MATERIAL PROVIDED:

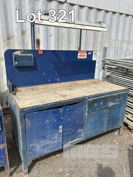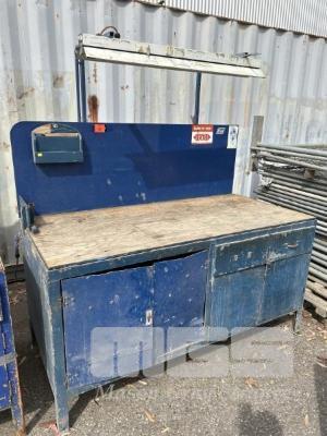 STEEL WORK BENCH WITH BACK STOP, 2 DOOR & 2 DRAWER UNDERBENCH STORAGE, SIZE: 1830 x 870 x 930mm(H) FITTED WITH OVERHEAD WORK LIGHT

* * *

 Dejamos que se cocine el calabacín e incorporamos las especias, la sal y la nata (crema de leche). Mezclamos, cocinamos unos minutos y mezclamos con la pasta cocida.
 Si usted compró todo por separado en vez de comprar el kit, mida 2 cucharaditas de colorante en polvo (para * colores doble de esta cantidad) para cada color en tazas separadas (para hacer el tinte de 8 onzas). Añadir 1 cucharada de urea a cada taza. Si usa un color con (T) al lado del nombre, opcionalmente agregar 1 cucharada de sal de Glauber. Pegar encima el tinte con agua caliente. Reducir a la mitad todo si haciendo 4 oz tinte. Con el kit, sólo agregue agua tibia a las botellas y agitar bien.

INSTRUCTIONS FOR THE TASK: Scan the records above for the lines holding "Dejamos que se" and "Si usted compró". Transcribe those two and every line between them word for word, and no others.

REPLY TO THE TASK:
 Dejamos que se cocine el calabacín e incorporamos las especias, la sal y la nata (crema de leche). Mezclamos, cocinamos unos minutos y mezclamos con la pasta cocida.
 Si usted compró todo por separado en vez de comprar el kit, mida 2 cucharaditas de colorante en polvo (para * colores doble de esta cantidad) para cada color en tazas separadas (para hacer el tinte de 8 onzas). Añadir 1 cucharada de urea a cada taza. Si usa un color con (T) al lado del nombre, opcionalmente agregar 1 cucharada de sal de Glauber. Pegar encima el tinte con agua caliente. Reducir a la mitad todo si haciendo 4 oz tinte. Con el kit, sólo agregue agua tibia a las botellas y agitar bien.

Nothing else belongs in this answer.